From the battle of the supermarkets to a very timely social campaign, three news stories have got us talking this week. Let’s take a closer look.
Reading a publication is “time well spent”, finds new digital engagement research
How do readers feel about the content they engage with online in an increasingly digital age? Strongly and passionately, it turns out. Extensive Ipsos Mori research of 35,000 people for Pamco has found that 91% of people consider reading a publication to be time well spent, with 70% feeling a close connection to their chosen publication.
And when it comes to who to believe, The Guardian is reported to be the most trusted online title, followed by i and The Independent.
The research also explored combined monthly news brand reach (by print, phone, tablet and desktop), with the UK’s most popular title emerging as The Sun (31.4m readers) and the Daily Mail (28.9m). “Our new engagement metrics show the high levels of trust readers place in established media brands,” said Pamco’s chief executive Simon Redican.
Will Sainsburys-Asda merger claim £1 in every £3 spent on UK groceries?
The planned merger between Sainsburys and Asda is a huge deal for not only food and drink brands, but also the UK retail landscape at large. But it’s not a done deal as yet. If the UK’s second and third-largest supermarkets do merge, this would create the UK’s biggest retail chain with a 31.4% market share.

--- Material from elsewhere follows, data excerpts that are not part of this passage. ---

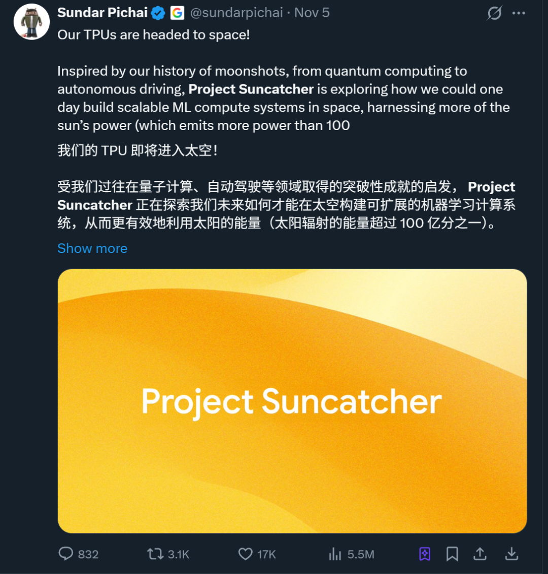 后又在谷歌宣布太空数据中心计划时留下“Interesting”这样的评论,明确肯定了谷歌的眼光。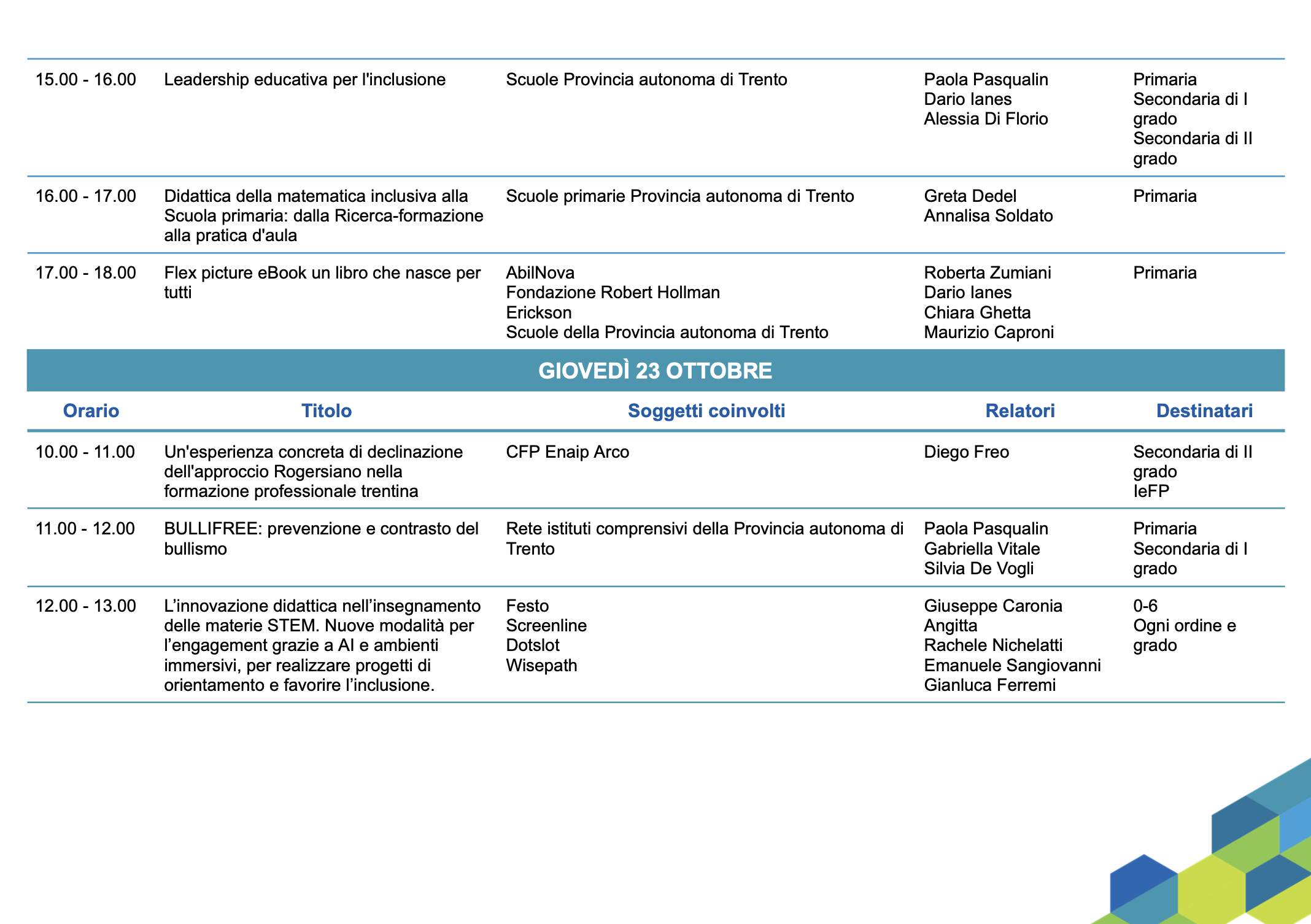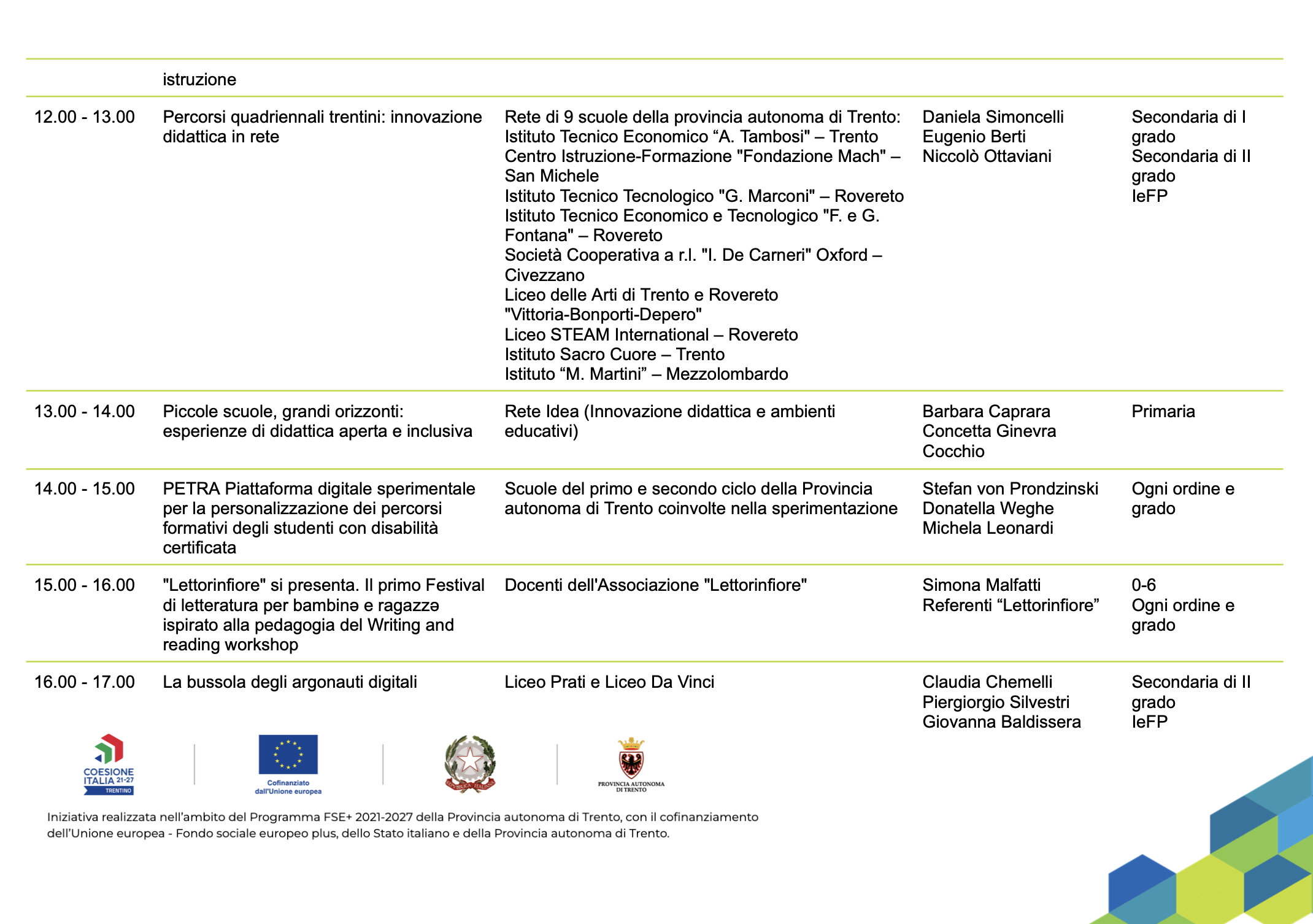 Didacta Italia - Edizione Trentino SPEAKERS’ CORNER Stand istituzionale della Provincia autonoma di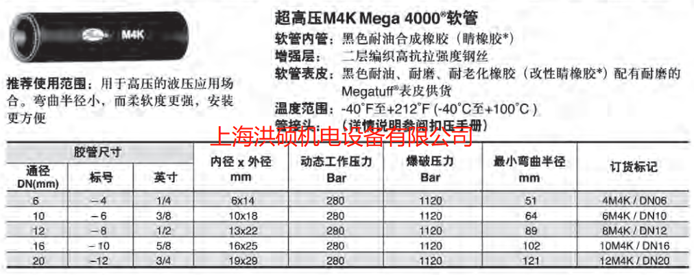 • 產(chǎn)品描述:Gates超高壓M4K Mega 4000膠管。上海洪碩(Gates.EMB,DNP,Gemels一級經(jīng)銷商)主營品牌:Gates膠管、EMB接頭、DNP快速接頭、Gemels球閥
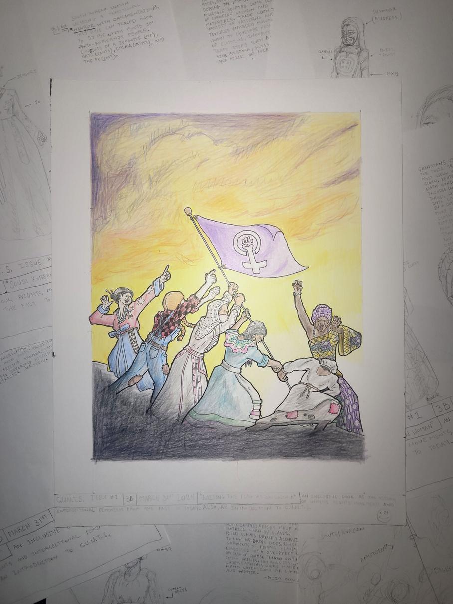 For this piece I co-opted the image of the marines raising the flag at Iwo-Jima, an image that has long symbolized resilience, teamwork, and strength in adversity. Qualities that I have seen expressed by the women in my life (with the same grit and fervor of those marines) in their fight to be seen and heard everyday. Each woman in the piece is in her traditional dress (researched as best as I could) to connect the long history of strong, fierce, and graceful women that have fought the good fight to give us a chance at make the world a better place A place demanding of equity, and intersectional understanding of the plight of women everywhere. With a sun rising in the distance, breaking the dawn of a new day where there is hope and abundant opportunity for change.

And now the Competition and Markets Authority has said that the merger “raises sufficient concerns to be referred for a more in-depth review”, adding that “their stores overlap in hundreds of local areas, where shoppers could face higher prices or worse quality of service.”
While the competition body explores these issues, Tesco has formally launched its new discounter Jacks this week. Promising to be the “cheapest in town” with “lower prices” according to Tesco’s chief executive Dave Lewis, eight out of ten products stocked by Jacks will be made, grown or reared in Britain.
UK police latches onto Bodyguard’s success with swift social media campaign
It’s been a long time since there has been a TV event that’s had everyone buzzing – but the BBC One’s drama Bodyguard has dominated Sunday night ratings attracting over 10 million viewers upon its launch and gripping the nation throughout every nail-biting twist and turn.
With that many eyeballs – crossing multiple generations – watching the same story play out, a bright spotlight has been shone on the work carried out by the UK’s forces. This has been expertly captialised on by the communications team at Counter Terrorism Policing, who have used the show to raise their profile and promote careers.
Timely tweets and Instagram posts from Counter Terrorism Policing referencing #Bodyguard have attracted more than 3,000 engagements and 4,500 click-throughs so far, as part of the organisation’s strategy to “use social media as a recruitment tool … to attract a younger, more tech-savvy audience, whose skills will ensure we’re ready to face the evolving threat as it moves ever closer to a virtual online space.” Clever.